With 27 years and billions of uninterrupted doses behind our name, Ritedose 503B Outsourcing delivers on-demand, pre-filled syringe products ready for use in hospitals across the U.S. These ready-to-administer injections can save time in the pharmacy, increase compliance and help clinicians provide safe patient care by reducing potential bedside errors. And with extended dating up to twelve months, you can be assured of having our products readily available.
That means you can get back to meeting your hospital’s patient care needs, without the headache of compounding on the fly.
We deliver sterile, single-dose syringe products necessary for in-hospital care and that meet critical national drug shortages.
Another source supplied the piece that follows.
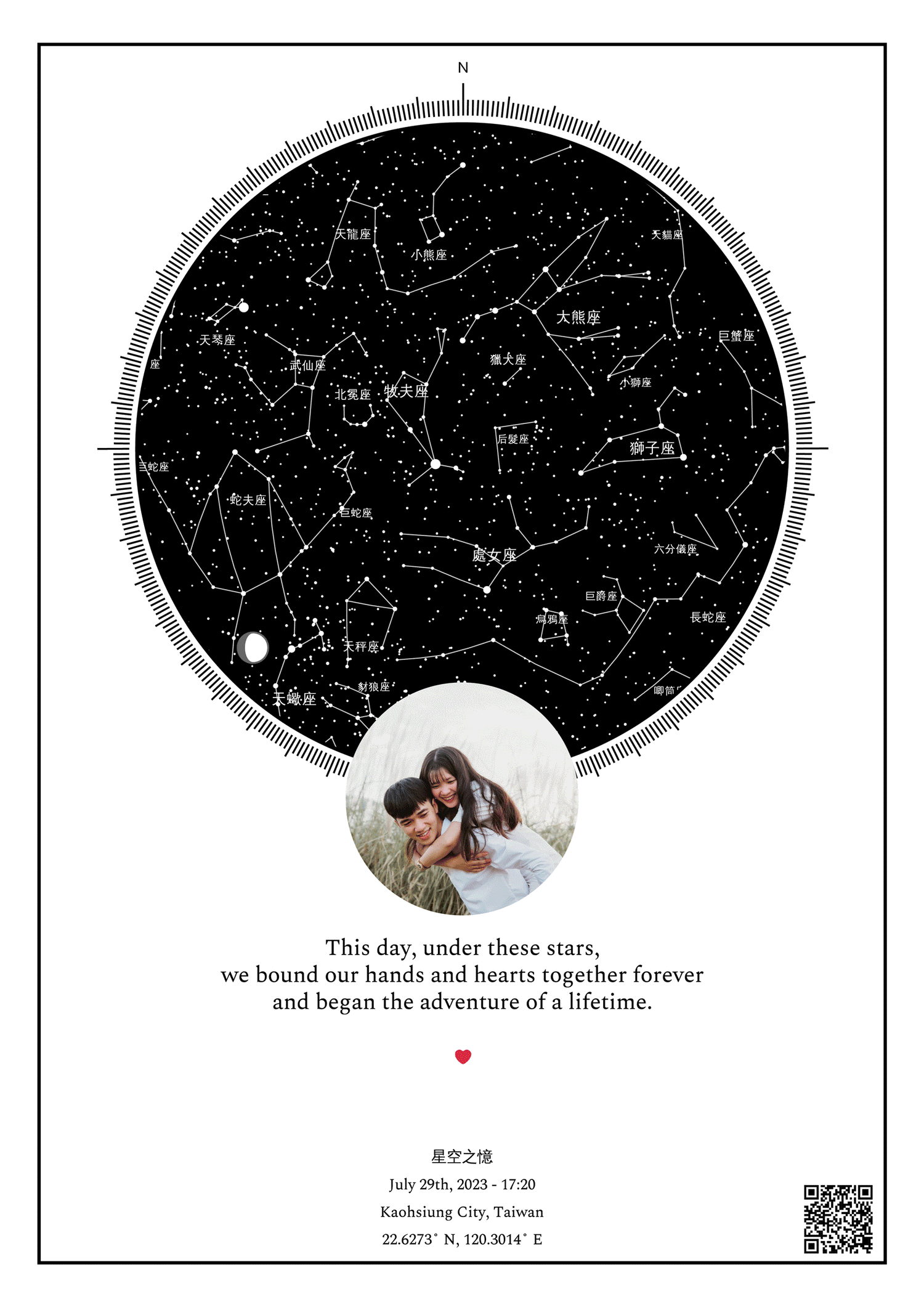 自己設計並選擇各種顏色、形狀、星星、星座、月亮、銀河、邊框、經緯度等等
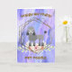 Birthday card for your pet poodle. The design is a grey poodle on a mixed lavender and purple background, in a gold coloured frame, standing on flowers. Cute card for that sweet poodle. Thanks to Design Cuts, the Hungryjpeg and Creative Fabrica for some of the elements in the design.

A 27-year leader in cGMP drug manufacturing, Ritedose uses aseptic production to guarantee sterility and standardized concentrations in every dose.
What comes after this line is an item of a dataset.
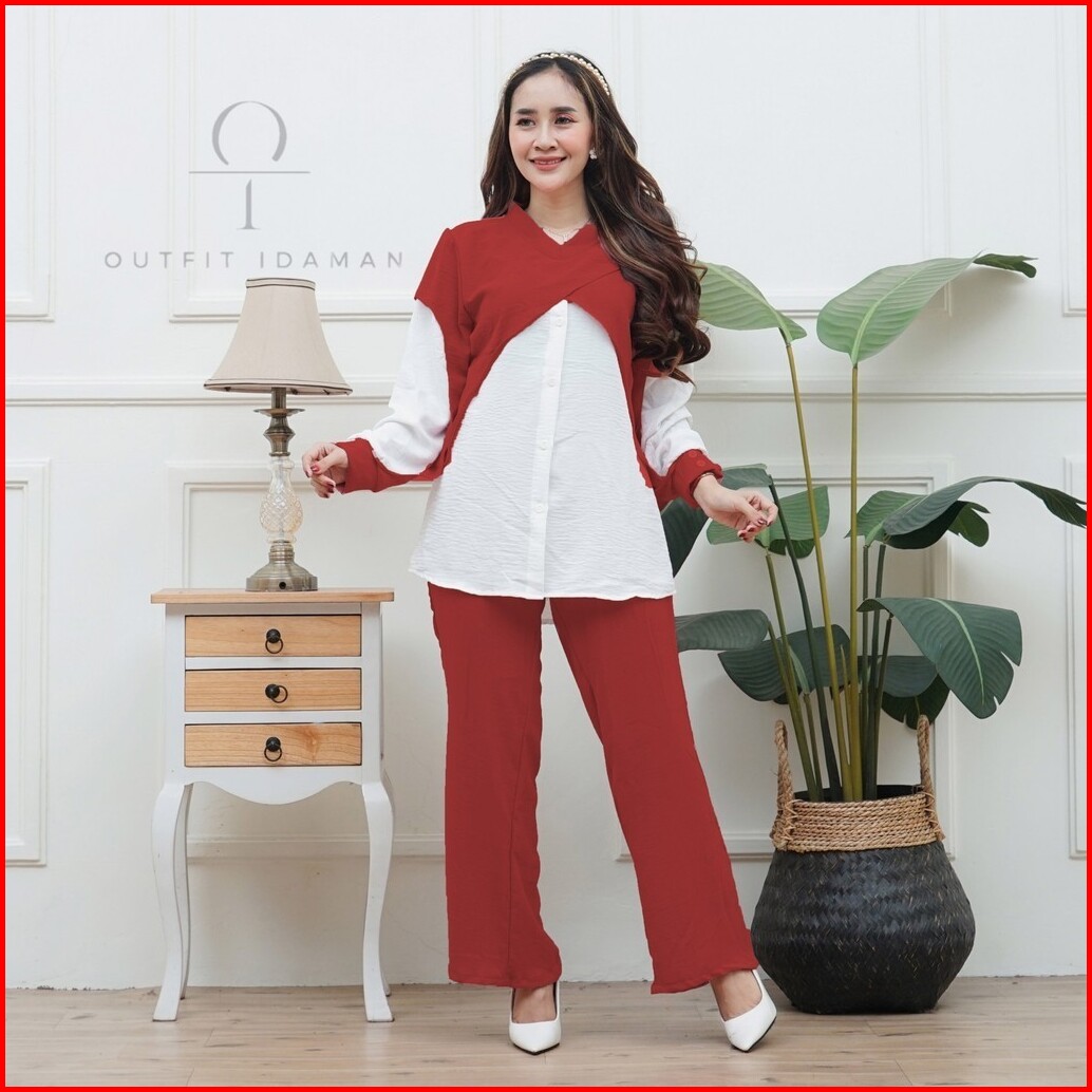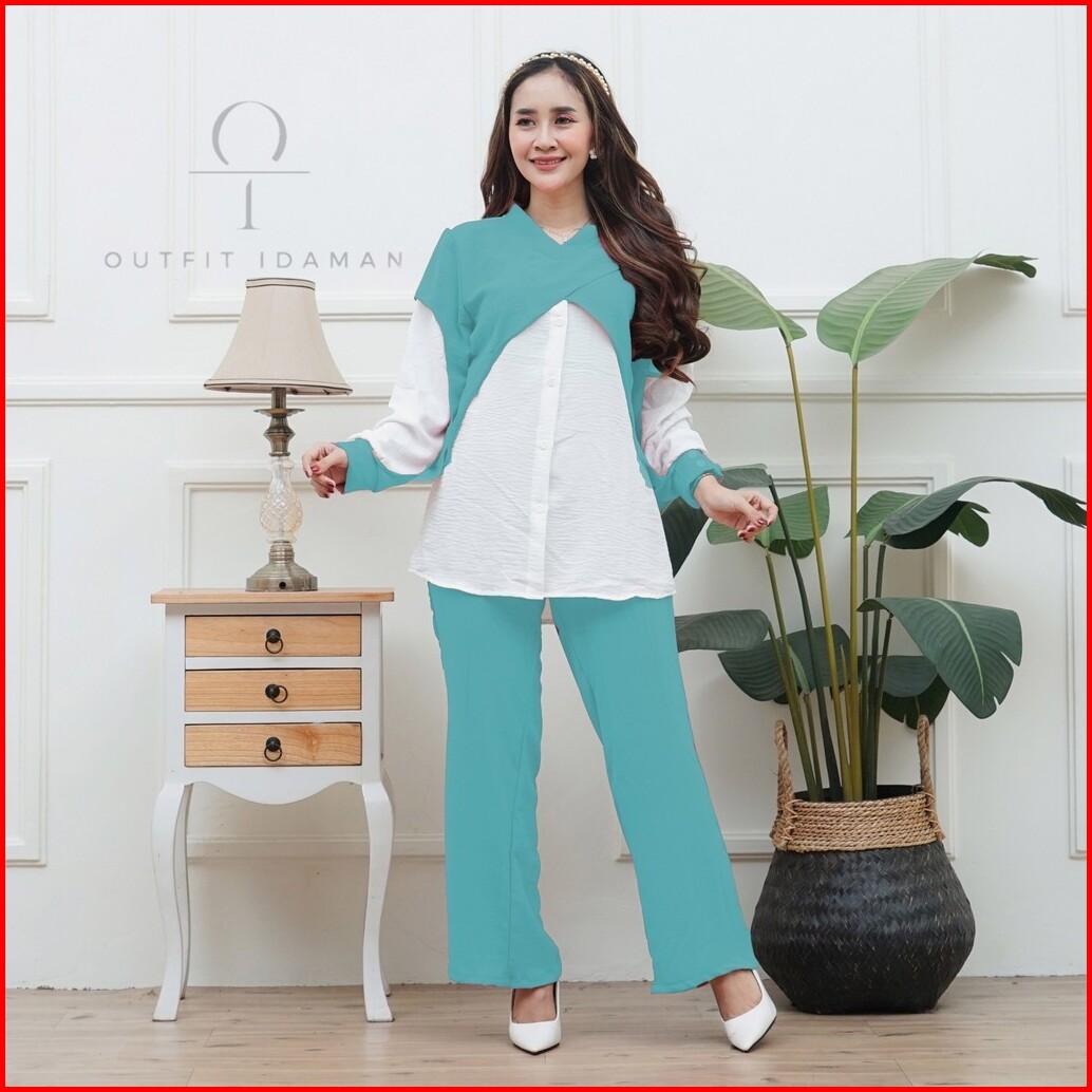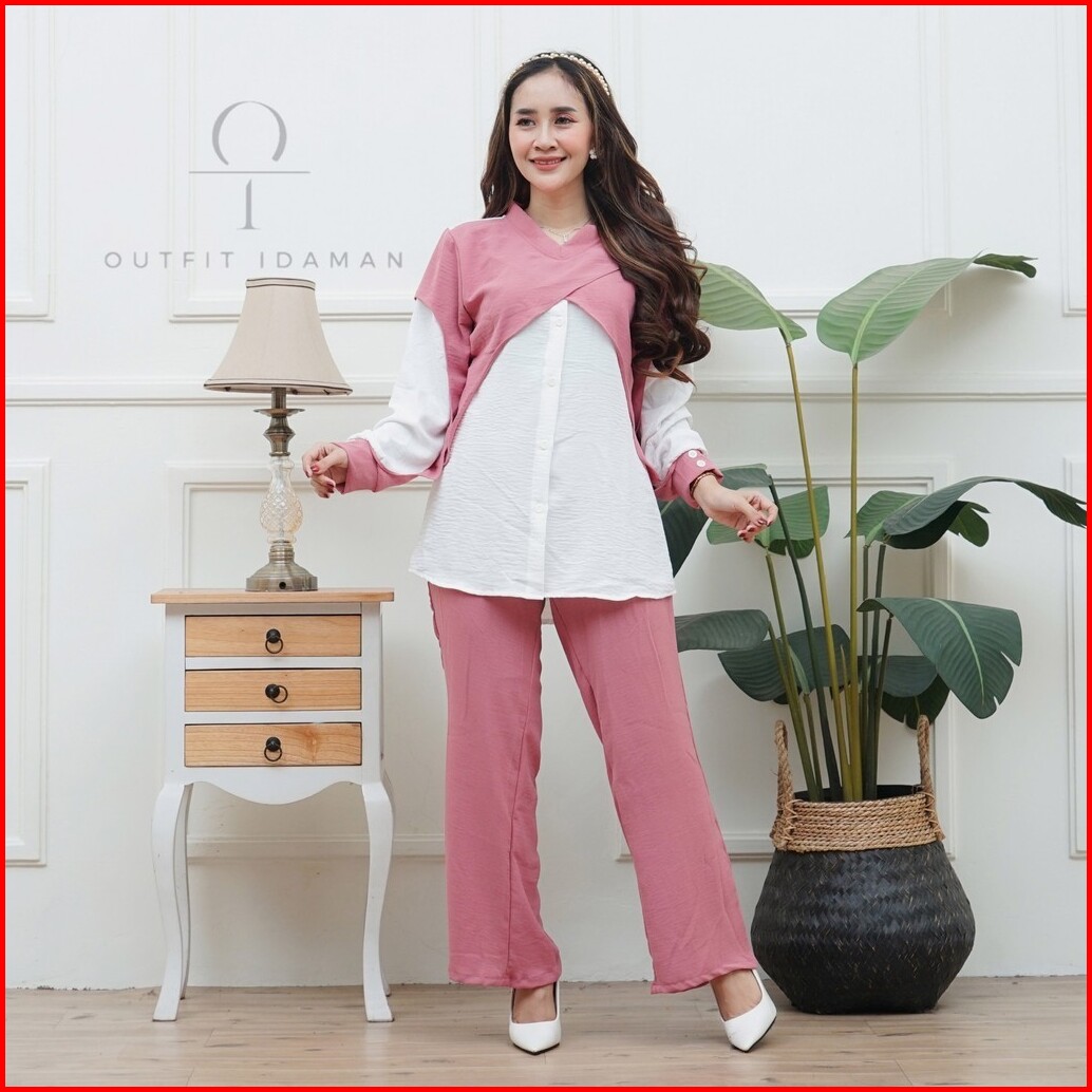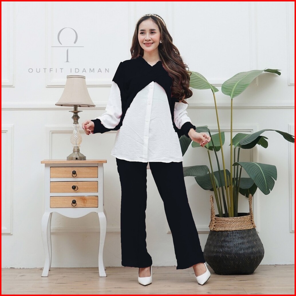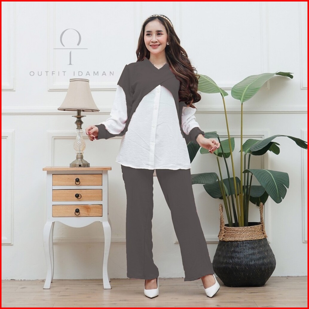 Setelan Baju Wanita Terbaru Risella Set Outfit Wanita Kekinian Crinkle Airflow M L Xl Xxl

Innovative packaging allows for extended dating up to 12 months and room temperature storage. Our pre-filled syringes are already diluted, labeled with appropriate cautionary statements, color-coded to ASTM drug class standards, and ready to be administered within OR and acute care settings. Since we offer multiple concentrations and fill volumes for most medications, clinicians have a choice in what they prescribe. It simply couldn’t be more streamlined.
We got it right because we listened. Our products were designed with input from clinical pharmacists and other healthcare professionals to meet your exact needs, enabling you to deliver the highest level of patient care every day. From product packaging and labeling to a robust customer portal for online ordering and trend reports – our entire 503B outsourcing solution was built around you.
Our team of clinical pharmacists and healthcare specialists can help you navigate how ready-to-use products could expand your capacity. Contact us for a virtual audit of your pharmacy resources.
Leave your worries about compliance, contamination and compounding errors to us. Our state-of-the-art 503B facility, connected to our larger manufacturing and packaging facilities, is set up to exceed FDA standards. Meeting the most stringent cGMP and USP 797 guidelines, our highly automated production systems — with robotic filling, material handling and packaging — mitigate errors and provide an aseptic environment. And with manufacturing all under one roof, our quality control is unparalleled.